**PROBLEM TO SOLVE**:
An exact transcription is needed of the lines below from the one with "The harbor tour" through the one with "Flushed Selector (Waterproof)", with no other lines and no pictures.

**MATERIAL FOR THE TASK**:
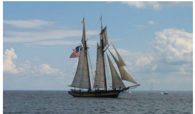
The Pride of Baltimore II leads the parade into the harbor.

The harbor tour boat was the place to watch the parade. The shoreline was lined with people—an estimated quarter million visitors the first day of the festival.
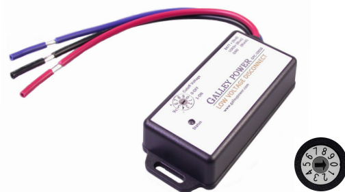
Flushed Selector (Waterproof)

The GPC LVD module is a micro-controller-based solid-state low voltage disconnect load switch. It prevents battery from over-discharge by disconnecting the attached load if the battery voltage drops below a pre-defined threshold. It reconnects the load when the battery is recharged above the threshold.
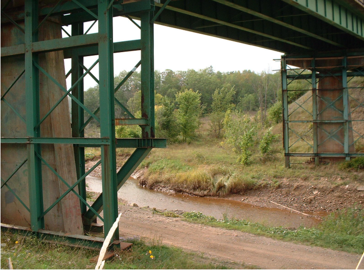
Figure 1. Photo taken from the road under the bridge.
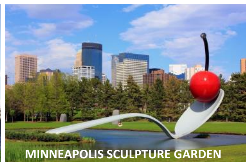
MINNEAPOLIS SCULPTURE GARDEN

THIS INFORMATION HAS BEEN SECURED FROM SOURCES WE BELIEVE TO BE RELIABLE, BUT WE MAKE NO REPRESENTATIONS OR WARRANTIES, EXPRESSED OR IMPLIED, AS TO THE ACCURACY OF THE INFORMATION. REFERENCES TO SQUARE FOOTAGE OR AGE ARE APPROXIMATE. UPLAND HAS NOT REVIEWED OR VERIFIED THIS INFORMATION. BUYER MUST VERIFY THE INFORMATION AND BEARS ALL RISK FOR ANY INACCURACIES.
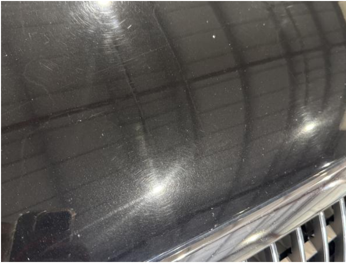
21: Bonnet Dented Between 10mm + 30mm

* * *

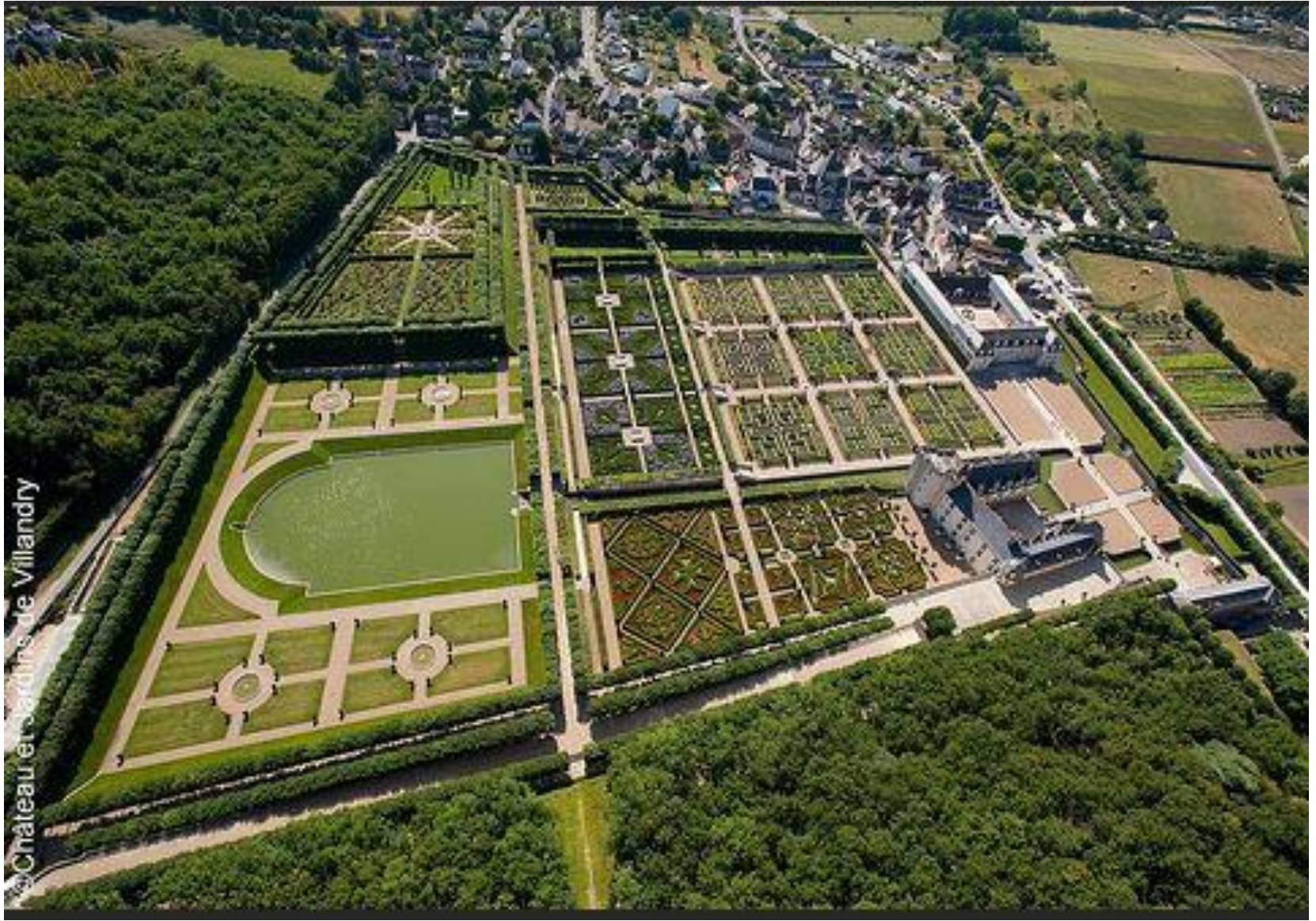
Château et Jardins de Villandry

**RESPONSE TO THE TASK**:
The harbor tour boat was the place to watch the parade. The shoreline was lined with people—an estimated quarter million visitors the first day of the festival.
Flushed Selector (Waterproof)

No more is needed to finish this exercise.